Saved entries:
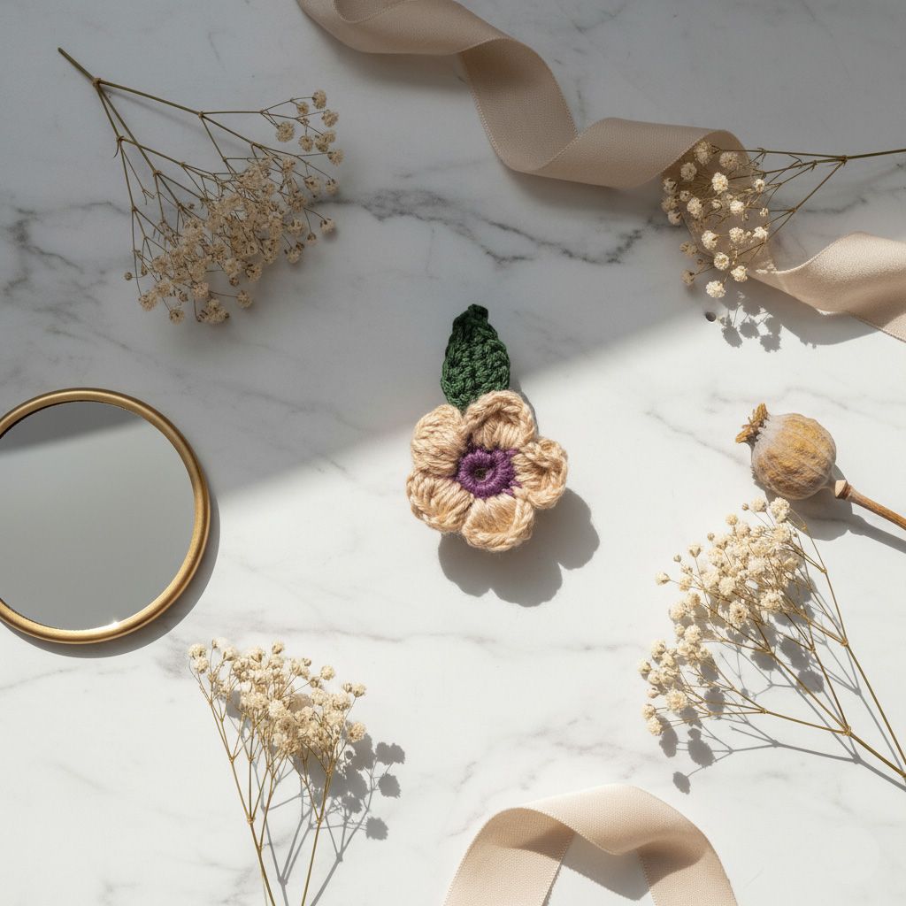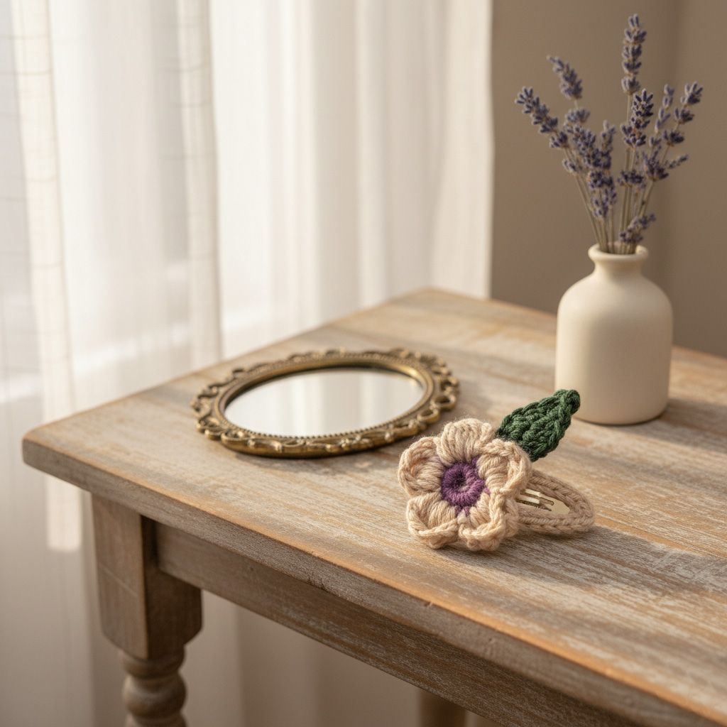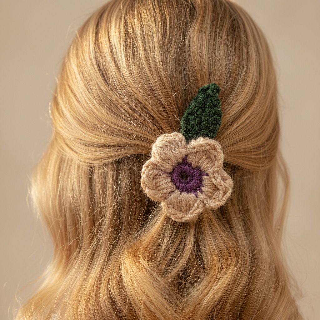 Clip de pelo con flor beige tejida a mano en algodón y bambú. 6cm de diámetro, cinco pétalos con centro morado. Incluye una hoja verde y pinza de acero inoxidable. Un accesorio artesanal elegante y natural para dar estilo a tus peinados.
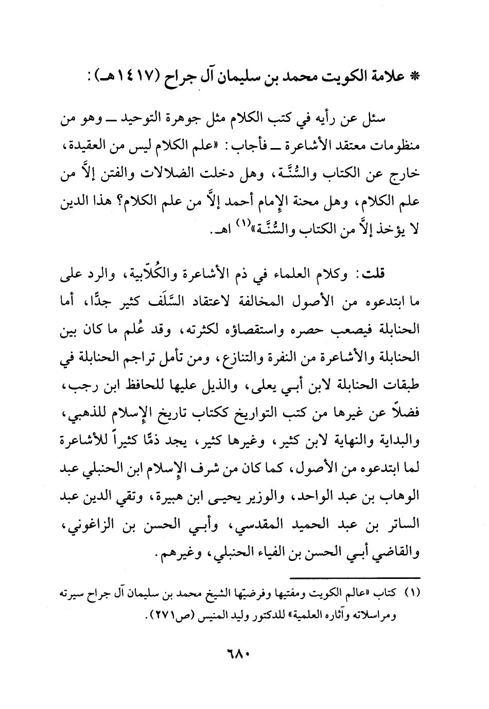 قلت: وكلام العلماء في ذم الأشاعرة والكلابية، والرد على ما ابتدعوه من الأصول المخالفة لاعتقاد السلف كثير جداً، أما الحنابلة فيصعب حصره واستقصائه لكثرته، وقد عُلم ما كان بين الحنابلة والأشاعرة من النفرة والتنازع، ومن تأمل تراجم الحنابلة في طبقات الحنابلة لابن أبي يعلى، والذيل عليها للحافظ ابن رجب، فضلاً عن غيرها من كتب التواريخ ككتاب تاريخ الإسلام للذهبي، والبداية والنهاية لابن كثير، وغيرها كثير، كما كان من شرف الإسلام ابن الحنبلي عبد الوهاب بن عبد الواحد، والوزير يحيى ابن هبيرة، وتقي الدين عبد الساتر بن عبد الحميد المقدسي، وأبي الحسن بن الزاغوني، والقاضي أبي الحسن بن الفياء الحنبلي، وغيرهم.
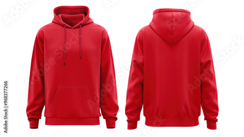 Red hooded sweatshirt front back on transparent background
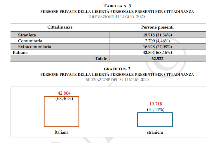 Nell’analisi del sovraffollamento in carcere in Italia, il Report distingue tra “persone presenti in archivio” (numero di detenuti presenti nelle strutture al momento della scrittura del report), “capienza regolamentare” (capienza massima teorica dell’istituto penitenziario secondo le norme tecniche ed architettoniche) e “posti regolarmente disponibili” (quanti posti della capienza regolamentare sono effettivamente utilizzabili in un dato momento). Confrontando una serie di dati raccolti, l’analisi individua un indice di sovraffollamento totale nazionale del 133,68%. Il numero delle persone private della libertà personale al 31 luglio 2025 era di 62.522, con 51.300 posti di capienza regolamentare e 46.769 posti regolarmente disponibili.
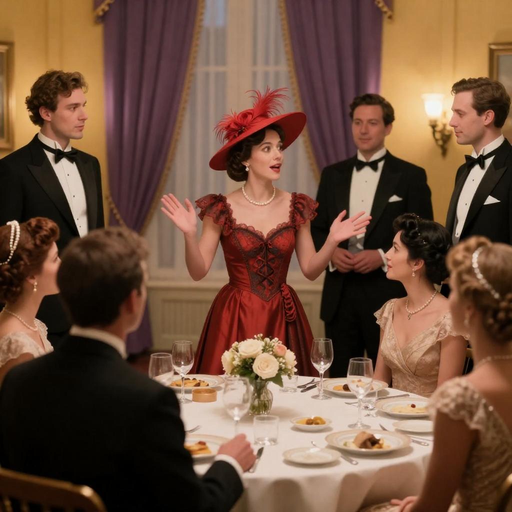 Photograph of a vintage movie scene with a grand, classical-style porch. A woman in a yellow gown stands center, facing a seated man in a blue shirt and black pants. Surrounding them are various people in period clothing, some standing, some seated. The background features tall columns and green curtains.
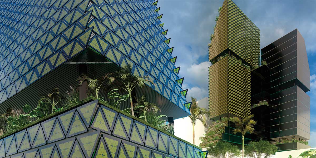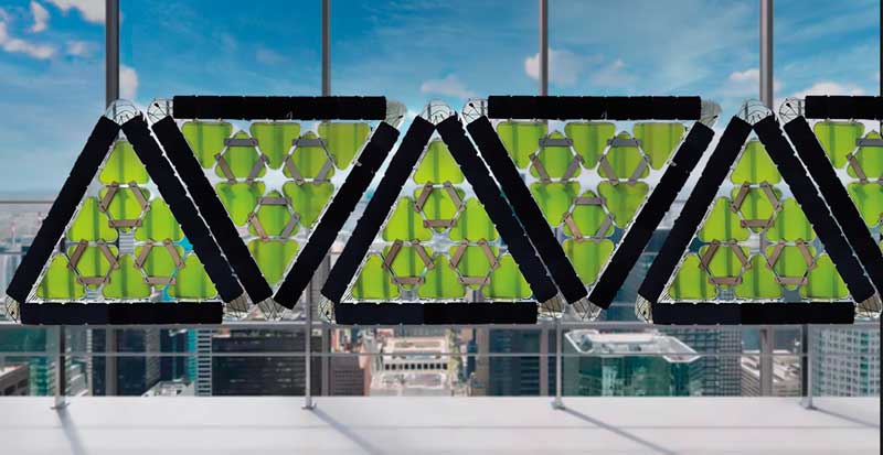 Los biopaneles de Greenfluidics funcionan como si fuera una piel que envuelve cualquier edificación, captando energía solar al implementar vidrio de manera inteligente y sistemas de sombreado automatizados que generan una mayor densidad de construcción, pues se integran como parte de las áreas verdes de los rascacielos, ofreciendo un desarrollo vertical sostenible.
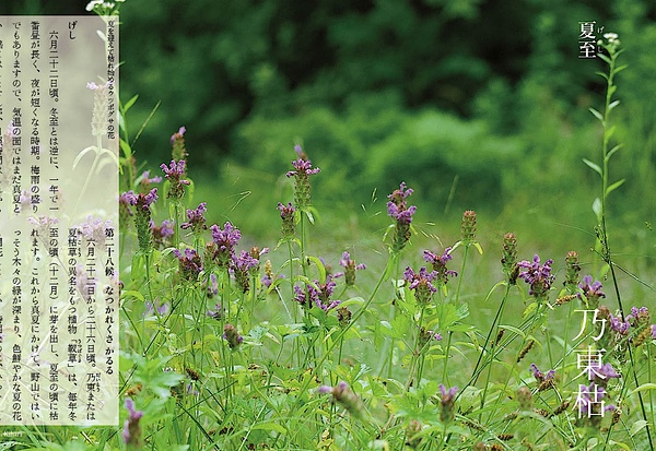 6月22日-26日!澳藮|”(夏枯草)是中草藥的一種,開紫色小花,在日本的田間地頭非常常見。這種草冬至發芽,生長到夏至的時候,花蕊呈灰黑色,看起來像是枯萎了一樣。在百花盛開的夏季,夏枯草算是一處獨特的風景吧。

◆ **What to produce**: Retype each entry exactly as it appears, excluding any image.

◆ **Task solution**:
 Clip de pelo con flor beige tejida a mano en algodón y bambú. 6cm de diámetro, cinco pétalos con centro morado. Incluye una hoja verde y pinza de acero inoxidable. Un accesorio artesanal elegante y natural para dar estilo a tus peinados.
 قلت: وكلام العلماء في ذم الأشاعرة والكلابية، والرد على ما ابتدعوه من الأصول المخالفة لاعتقاد السلف كثير جداً، أما الحنابلة فيصعب حصره واستقصائه لكثرته، وقد عُلم ما كان بين الحنابلة والأشاعرة من النفرة والتنازع، ومن تأمل تراجم الحنابلة في طبقات الحنابلة لابن أبي يعلى، والذيل عليها للحافظ ابن رجب، فضلاً عن غيرها من كتب التواريخ ككتاب تاريخ الإسلام للذهبي، والبداية والنهاية لابن كثير، وغيرها كثير، كما كان من شرف الإسلام ابن الحنبلي عبد الوهاب بن عبد الواحد، والوزير يحيى ابن هبيرة، وتقي الدين عبد الساتر بن عبد الحميد المقدسي، وأبي الحسن بن الزاغوني، والقاضي أبي الحسن بن الفياء الحنبلي، وغيرهم.
 Red hooded sweatshirt front back on transparent background
 Nell’analisi del sovraffollamento in carcere in Italia, il Report distingue tra “persone presenti in archivio” (numero di detenuti presenti nelle strutture al momento della scrittura del report), “capienza regolamentare” (capienza massima teorica dell’istituto penitenziario secondo le norme tecniche ed architettoniche) e “posti regolarmente disponibili” (quanti posti della capienza regolamentare sono effettivamente utilizzabili in un dato momento). Confrontando una serie di dati raccolti, l’analisi individua un indice di sovraffollamento totale nazionale del 133,68%. Il numero delle persone private della libertà personale al 31 luglio 2025 era di 62.522, con 51.300 posti di capienza regolamentare e 46.769 posti regolarmente disponibili.
 Photograph of a vintage movie scene with a grand, classical-style porch. A woman in a yellow gown stands center, facing a seated man in a blue shirt and black pants. Surrounding them are various people in period clothing, some standing, some seated. The background features tall columns and green curtains.
 Los biopaneles de Greenfluidics funcionan como si fuera una piel que envuelve cualquier edificación, captando energía solar al implementar vidrio de manera inteligente y sistemas de sombreado automatizados que generan una mayor densidad de construcción, pues se integran como parte de las áreas verdes de los rascacielos, ofreciendo un desarrollo vertical sostenible.
 6月22日-26日!澳藮|”(夏枯草)是中草藥的一種,開紫色小花,在日本的田間地頭非常常見。這種草冬至發芽,生長到夏至的時候,花蕊呈灰黑色,看起來像是枯萎了一樣。在百花盛開的夏季,夏枯草算是一處獨特的風景吧。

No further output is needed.